As I said, the whitespace difference [between what the OP said his
regex did and what it actually does] is not the problem. The problem
is that the OP's "works OK" included (item) in the 2nd group, whereas
yours includes (item) in the 3rd group.
Ugh, right again!
That just shows what happens when I try to post while debugging!
The OP didn't say whether search() or match() was being used. With the ^
it doesn't matter.
It *does* matter. re.search() is suboptimal; after failing at the
first position, it's not smart enough to give up if the pattern has a
front anchor.
[win32, 2.6.1]
C:\junk>\python26\python -mtimeit -s"import re;rx=re.compile
('^frobozz');txt=100
*'x'" "assert not rx.match(txt)"
1000000 loops, best of 3: 1.17 usec per loop
C:\junk>\python26\python -mtimeit -s"import re;rx=re.compile
('^frobozz');txt=100
0*'x'" "assert not rx.match(txt)"
1000000 loops, best of 3: 1.17 usec per loop
C:\junk>\python26\python -mtimeit -s"import re;rx=re.compile
('^frobozz');txt=100
*'x'" "assert not rx.search(txt)"
100000 loops, best of 3: 4.37 usec per loop
C:\junk>\python26\python -mtimeit -s"import re;rx=re.compile
('^frobozz');txt=100
0*'x'" "assert not rx.search(txt)"
10000 loops, best of 3: 34.1 usec per loop
Corresponding figures for 3.0 are 1.02, 1.02, 3.99, and 32.9
On my PC the numbers for Python 2.6 are:
C:\Python26>python -mtimeit -s"import
re;rx=re.compile('^frobozz');txt=100*'x'" "assert not rx.match(txt)"

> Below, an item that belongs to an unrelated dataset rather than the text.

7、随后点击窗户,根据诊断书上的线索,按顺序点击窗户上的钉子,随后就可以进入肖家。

1000000 loops, best of 3: 1.02 usec per loop
C:\Python26>python -mtimeit -s"import
re;rx=re.compile('^frobozz');txt=1000*'x'" "assert not rx.match(txt)"
1000000 loops, best of 3: 1.04 usec per loop
C:\Python26>python -mtimeit -s"import
re;rx=re.compile('^frobozz');txt=100*'x'" "assert not rx.search(txt)"

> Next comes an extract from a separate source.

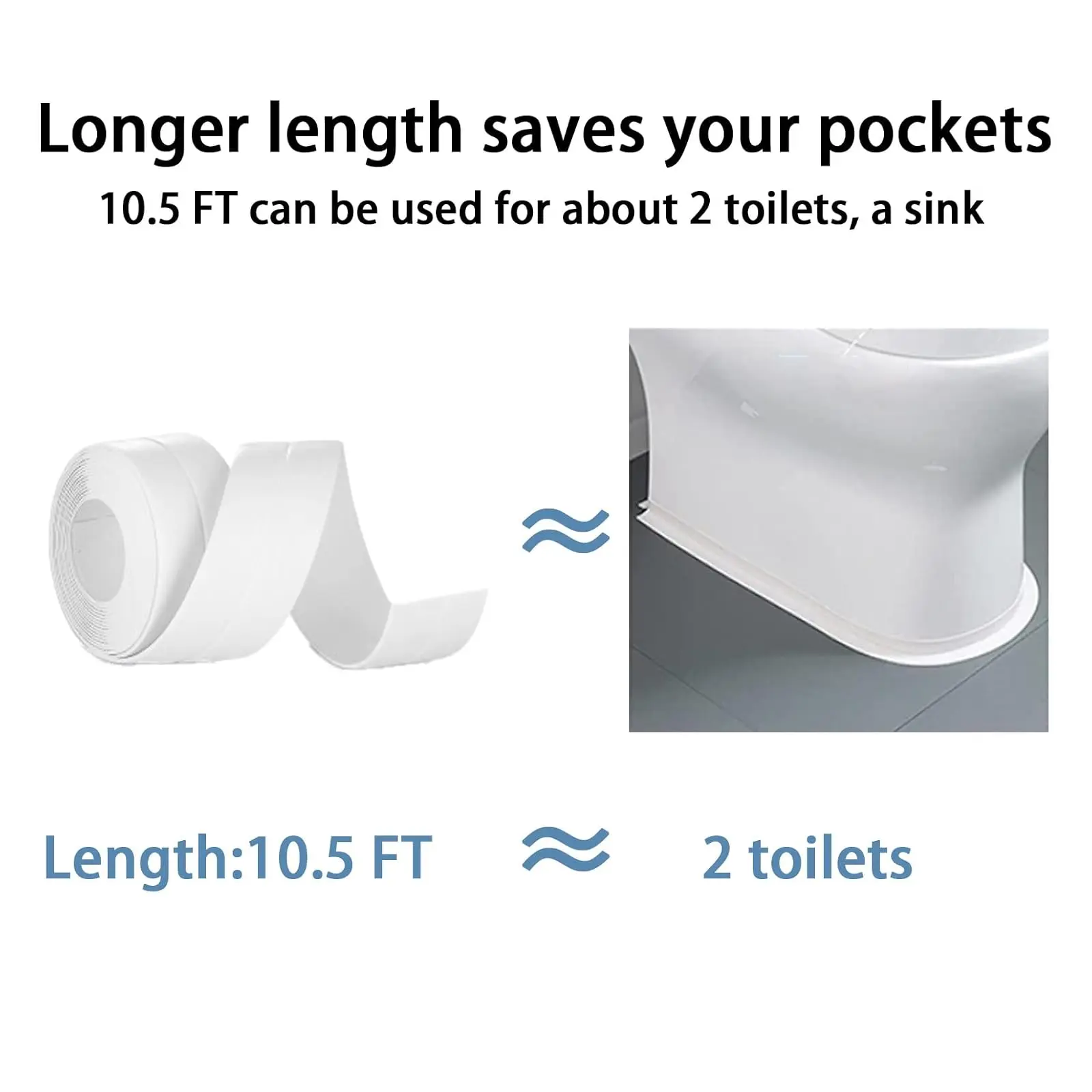 【Premium Caulk Tape】The 2 Rolls BLUEJUNWEI toilet caulk strip is made of high-quality PVC material, waterproof, Stronger adhesion. Each roll Width: 38mm/1.5 inch, 10.5 feet in length is enough to apply to your toilet. The caulking tape is thick, but quite flexible and a bit stretchy, conforms well to the curve around the front of the toilet pedestal.

100000 loops, best of 3: 3.69 usec per loop
C:\Python26>python -mtimeit -s"import
re;rx=re.compile('^frobozz');txt=1000*'x'" "assert not rx.search(txt)"
10000 loops, best of 3: 28.6 usec per loop
I'm currently working on the re module and I've fixed that problem:
C:\Python27>python -mtimeit -s"import
re;rx=re.compile('^frobozz');txt=100*'x'" "assert not rx.match(txt)"

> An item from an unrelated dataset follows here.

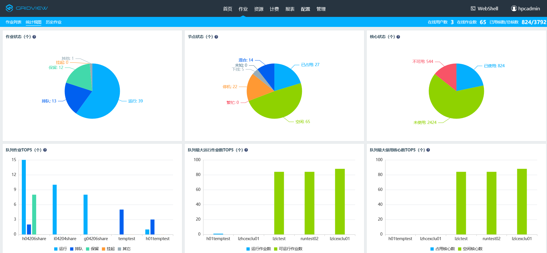 实时监控作业运行状态、用户资源使用情况等信息;

1000000 loops, best of 3: 1.28 usec per loop
C:\Python27>python -mtimeit -s"import
re;rx=re.compile('^frobozz');txt=1000*'x'" "assert not rx.match(txt)"
1000000 loops, best of 3: 1.23 usec per loop
C:\Python27>python -mtimeit -s"import
re;rx=re.compile('^frobozz');txt=100*'x'" "assert not rx.search(txt)"
1000000 loops, best of 3: 1.21 usec per loop
C:\Python27>python -mtimeit -s"import
re;rx=re.compile('^frobozz');txt=1000*'x'" "assert not rx.search(txt)"
1000000 loops, best of 3: 1.21 usec per loop
Hmm. Needs more tweaking...